Clean up resources. Call when done converting.

await converter.destroy();

`convertDocument(input, options, converterOptions?)`

One-shot conversion utility. Creates converter, converts, then destroys.

import { convertDocument } from '@matbee/libreoffice-converter';

const result = await convertDocument(
  inputBuffer,
  { outputFormat: 'pdf' },
  { wasmPath: './wasm' }
);

`createWorkerConverter(options?)`

Creates a converter that runs in a worker thread.
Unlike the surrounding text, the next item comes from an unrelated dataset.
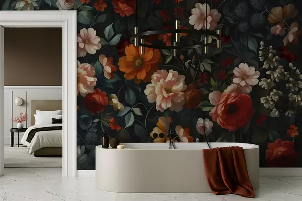 Papel tapiz Estampado floral oscuro con exuberantes flores de jardín. Nr. w05087

Recommended for servers as it doesn't block the main thread.

import { createWorkerConverter } from '@matbee/libreoffice-converter';

const converter = await createWorkerConverter({
  wasmPath: './wasm',
  verbose: false,
});

// Same API as LibreOfficeConverter
const result = await converter.convert(docxBuffer, { outputFormat: 'pdf' });
await converter.destroy();

`createSubprocessConverter(options?)`

Creates a converter that runs in a separate child process. Best for memory isolation and automatic recovery from crashes.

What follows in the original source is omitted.